Cerebral palsy is a group of lifelong conditions that affect movement and coordination, and is usually diagnosed in first few years of a child’s life. Although there is no cure for cerebral palsy, various therapies including speech, physiotherapy and occupational therapy can help improve difficulties with coordination and movement and enable people with the condition to live independently.
Previous research has shown inadequate health and social care provision to facilitate a successful transition of young people with cerebral palsy from children’s to adults’ services when they reach 16. Work by ARC South London researchers has highlighted significant gaps with transition pathways across south London and the south-east, including poor communication between health professionals, young people and their families, and difficulties accessing appropriate support.
This research, which is being led by Susie Turner, a physiotherapist and researcher at Guy’s and St Thomas’ NHS Foundation Trust, will help to understand the needs of the young people aged 16 years and older living with a diagnosis of cerebral palsy in south London and the south-east. The aim is to understand what is needed to develop a successful transition pathway from children's to adults' services, to provide timely, equitable, and accessible healthcare support.
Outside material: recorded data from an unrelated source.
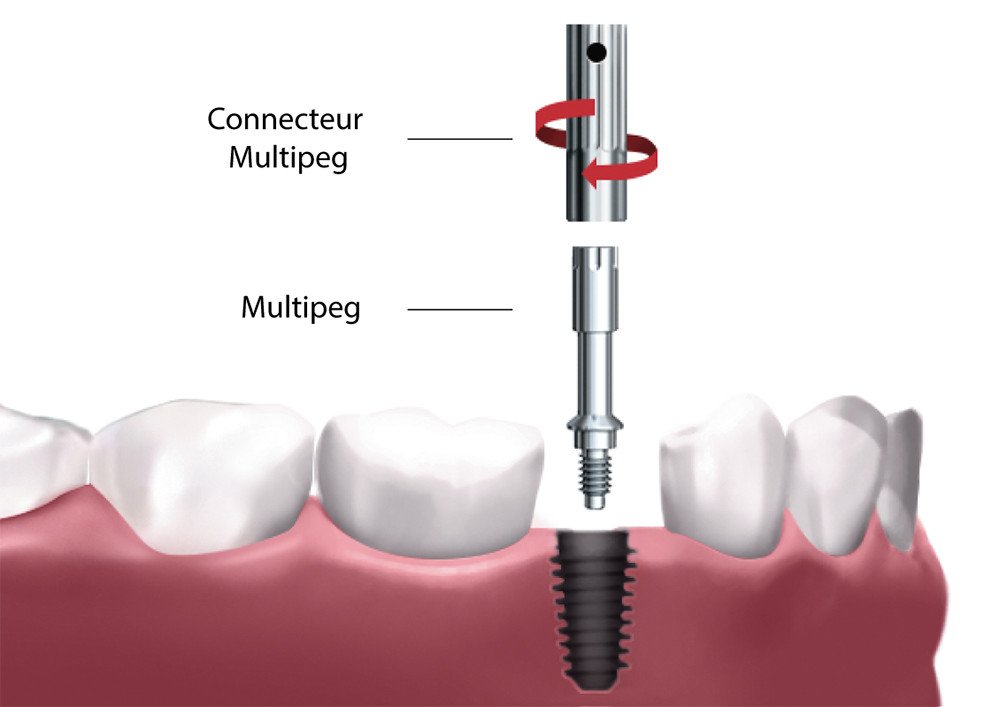 Le MulTipeg est compatible avec tous les principaux systèmes d'implants. Il est également stérilisable une vingtaine de fois et respecte les tissus.
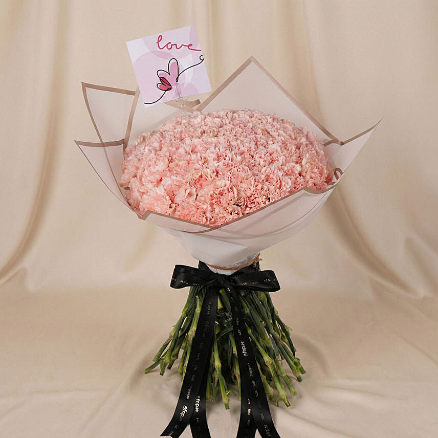 This voluminous carnation bouquet conveys warmth, tenderness, and everlasting love, making it a perfect statement gift for someone truly special.
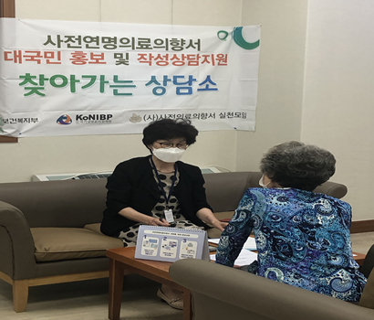 “찾아가는 상담소”등에서 근무 중인 홍○○ 상담사(75세, 사전연명의료의향서 실천모임 소속)는 “이 일로 삶의 활기와 성취감을 느낀다. 평생 교직에 몸 담아 왔었는데, 이제는 이 일을 통해 새로운 제2의 삶을 살고 있다. 이 사업이 전국으로 확대되길 바라며, 앞으로도 어르신들이 삶의 마지막 순간을 존엄하게 결정하실 수 있도록 돕고 싶다.”고 그 소감과 함께 바램을 밝히기도 했다.
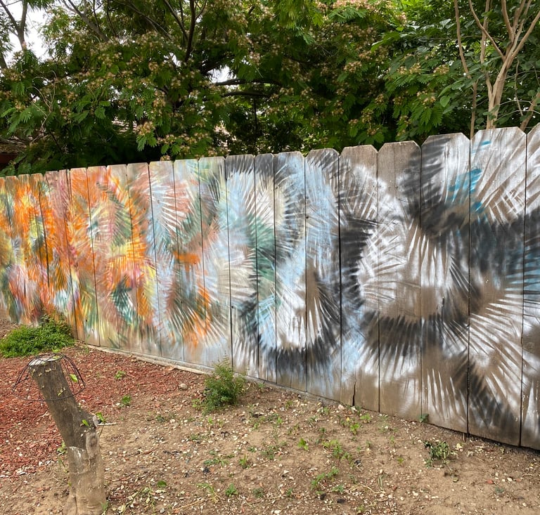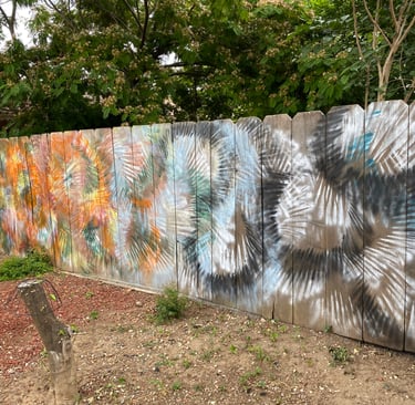 This photo is of our back yard fence. It depicts the seasons, Spring, Summer, Fall, and Winter.
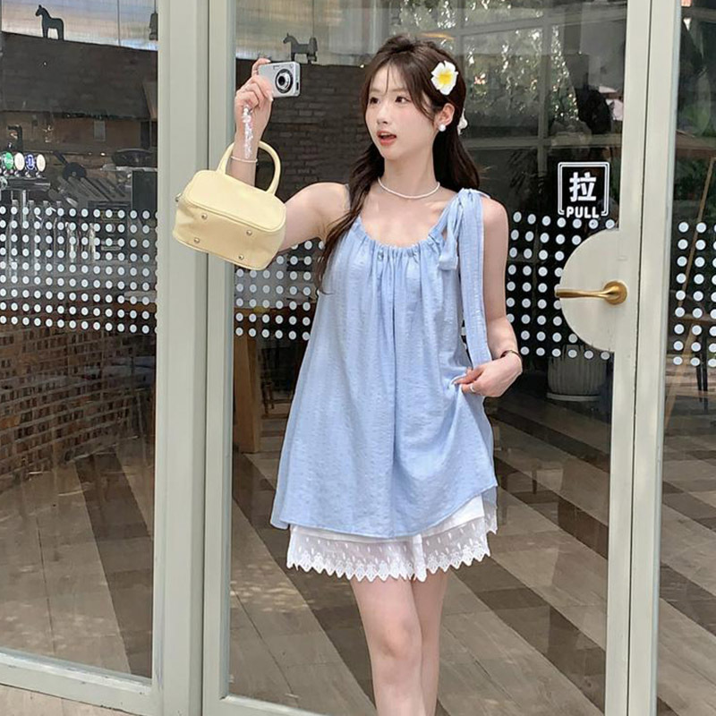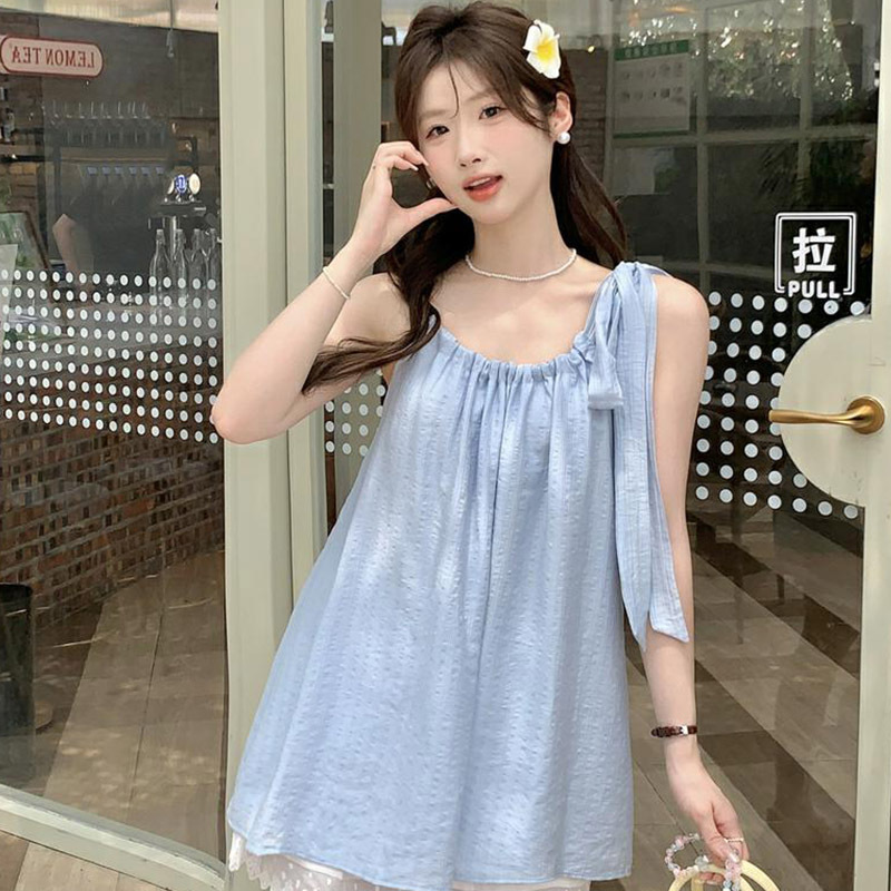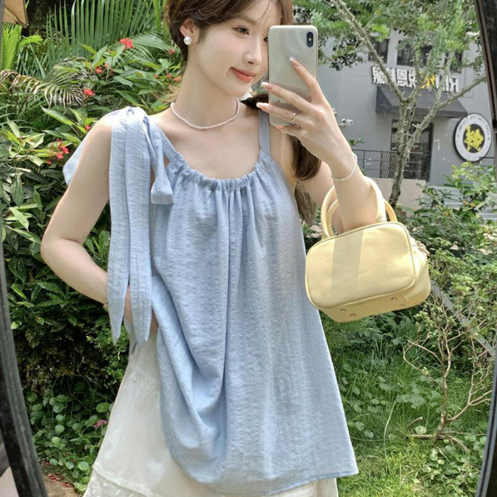 官图实价 温柔休闲时尚无袖衬衫女夏蝴蝶结宽松显瘦上衣吊带潮
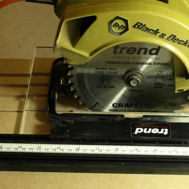 Utilice una sierra circular, con una cerca o contra un carril de guía, cortar la longitud preparada del zócalo a la altura necesaria.
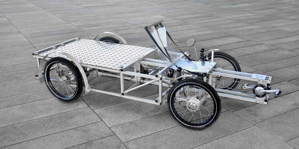 Le XYZ CARGO FOURWHEER peut être utilisé pour la logistique ou personnalisé pour tout autre usage : une large gamme de modules fonctionnels est disponible, les transformant en cycles de streetfood, en unités d'espace mobiles ou en véhicules pour tout autre usage. Dimensions : 270 x 100 cm (LxL - autres longueurs sur demande)

Susie Turner explains: “The failure of the transition pathway means many young people with cerebral palsy and their families either continue to rely on paediatric services or end up being discharged into the unknown. This results in many young people living in south London and the south-east region being left unsupported once they leave children's services.”
Research highlights the challenges faced by individuals with cerebral palsy across their lifetime, especially in regards to worsening pain, the complexity of co-morbidities and the subsequent impact on their quality of life. Without successful transition and access to appropriate adult services this is leading to inequity of care. Cerebral palsy is a lifelong condition and many of these young people are at risk of facing worsening issues as they age without access to the right healthcare support
The researchers will carry out quantitative analysis of a cohort of young adults with cerebral palsy, identified through the Cerebral Palsy Integrated Pathway (CPIP) database aged 16 years and older from 1 September 2022. They will map their current healthcare providers, education and social care support and will describe the demographics and potential health care needs of this population. They will also seek consent to revisit this population in three to five years’ time.
Qualitative research will include:
Evidence from the interviews will contribute to the design of an evidenced-informed model transition pathway, developed collaboratively with professionals, young people and their carers.
This new pathway will then be tested for its feasibility. The long-term aim is to develop, evaluate, and implement with healthcare providers a new, more effective transition and lifelong pathway to support young people with cerebral palsy as they move from children's to adults’ services
The research team will collaborate with neurodisability healthcare professionals across the region in children and adult services; healthcare professionals and individuals with cerebral palsy in Sweden; charities Action Cerebral Palsy and UP – The Adult Cerebral Palsy Movement; and the All Party Parliamentary Group on cerebral palsy.
The project is expected to complete in September 2024.